The agent displays a compact summary directly in the conversation: the event type table, the frame-time highlights, any memory and pixmap cache signals, and the top five hotspots with brief analysis.

Limitations of of the Code Profiling Skill

Like any profiling tool, the QML Profiler Skill has boundaries worth knowing before you rely on it. The skill targets 2D Qt Quick applications only — Qt Quick 3D events such as render frames, sync passes, and cull operations are not captured or analyzed. 

The skill makes optimization suggestions based on the pre-training knowledge of the LLM in use and a generic anti-pattern reference document. The skill does not make hardware-specific code optimization suggestions at the moment. 

On the analysis side, the skill identifies the top hotspots by total event duration and maps them to source code, but it does not analyze CPU usage outside of QML event types, GPU-side rendering costs, network or I/O latency, or native C++ backend performance. Those dimensions require separate tooling.

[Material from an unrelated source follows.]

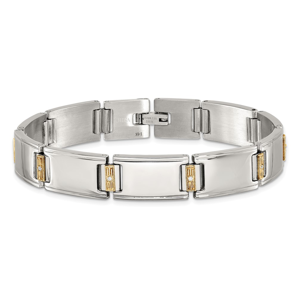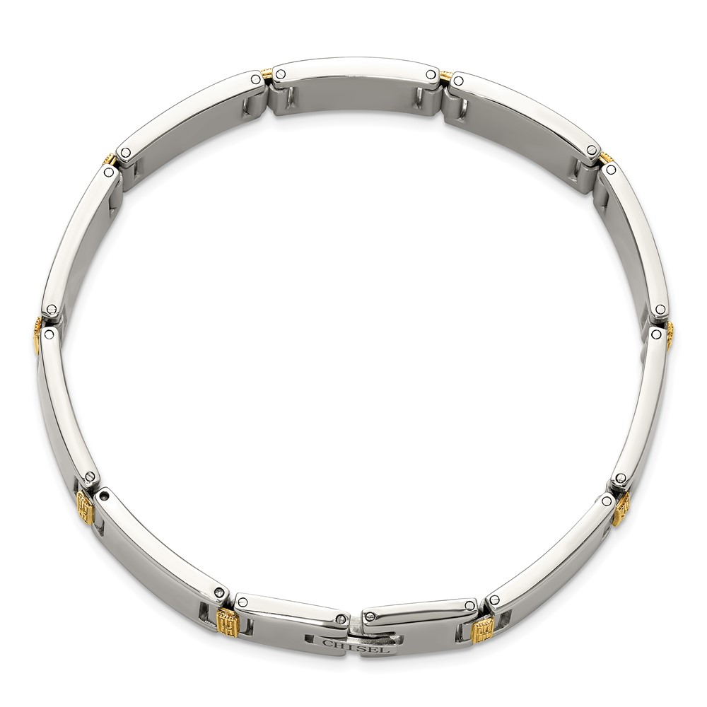 Chisel Stainless Steel Polished with 14K Gold Accent and 1/10ct. Diamond 8.5 inch Link Bracelet

Finally, like any runtime profiler, the results are only as representative as the session that produced them. If the developer exercises only a narrow set of UI interactions during the profiling run, expensive code paths triggered by other workflows will not appear in the trace. Running multiple focused profiling sessions — one for startup, one for a typical interaction loop, one for a stress scenario — gives a more complete picture than a single general-purpose run.

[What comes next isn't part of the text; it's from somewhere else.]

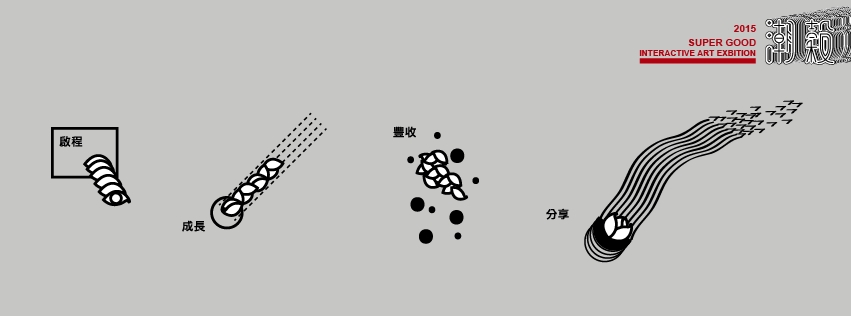 我們邀請國內外12位具潮流指標性的藝術家、設計師,在四大主題展區──「啟程」、「成長」、「豐收」、「分享」中,表達出對不同生命階段的感動,作品內容皆師法自然,取材於稻穀麥穗,並透過圖像視覺、互動裝置、動態影像等創作方式,匯聚心中對大自然的深刻體悟。

The length and detail level of the final report depend on the LLM powering the AI agent. For example, GPT5.4 in medium thinking effort will create a compact report while Claude Sonnet 4.6 in high effort mode will explain the details of each identified hotspot.

Dependencies

The QML Profiler skill requires a Qt 6 installation with qmlprofiler available — the tool ships as part of the standard Qt installation and is found under bin/ in the Qt compiler directory. For the build step, CMake must be available on the system PATH. Python 3 is required to run the bundled trace parser; on most Linux and macOS systems it is present by default, while Windows developers may need to install it separately. No additional Python packages are needed beyond the standard library.

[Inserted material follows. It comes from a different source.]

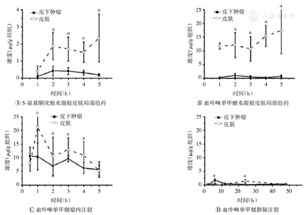 与相同时间点的皮肤比较,aP<0.05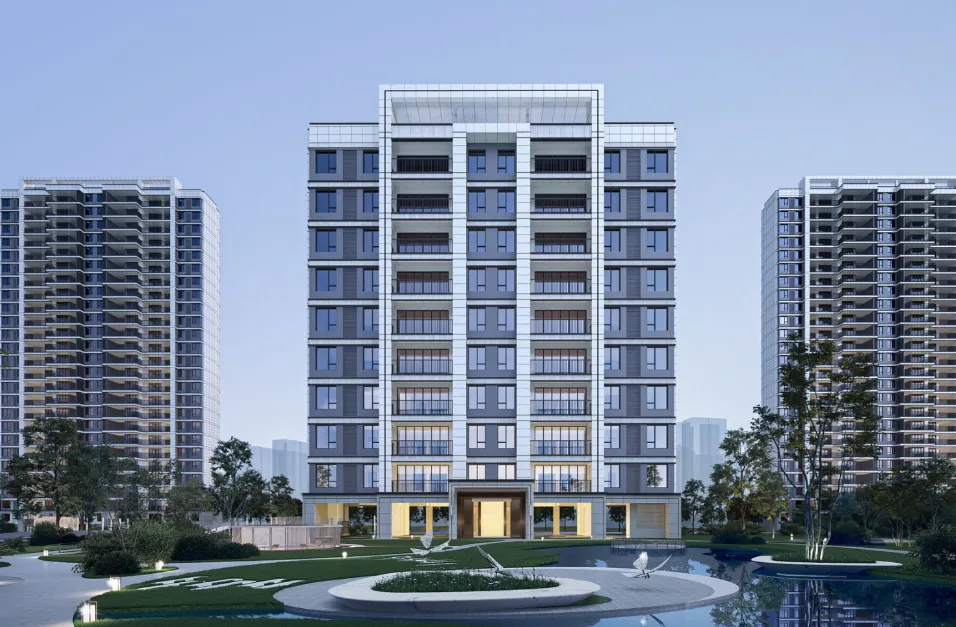🔸约2.0容积率,约40%绿化率,楼间距更宽;南低北高排列式布局,采光、通风俱佳。【现代简约立面】

Image: Screen capture of a profiling report from previous profile trace file in Claude Desktop

Tested with

The skill has been tested with Claude Code CLI, Claude Desktop, and GitHub Copilot in VS Code. Claude Sonnet 4.6, GPT 5.4, and Gemini 3.1 Pro deliver good results.

Getting the skill

You can get your Qt agent skills from our GitHub repository: https://github.com/TheQtCompanyRnD/agent-skills

Alternatively, you can install the official QML profiling skill directly from Claude’s marketplace as part of our plugin (search for "qt-development") once Anthropic has synched the latest version of the plugin.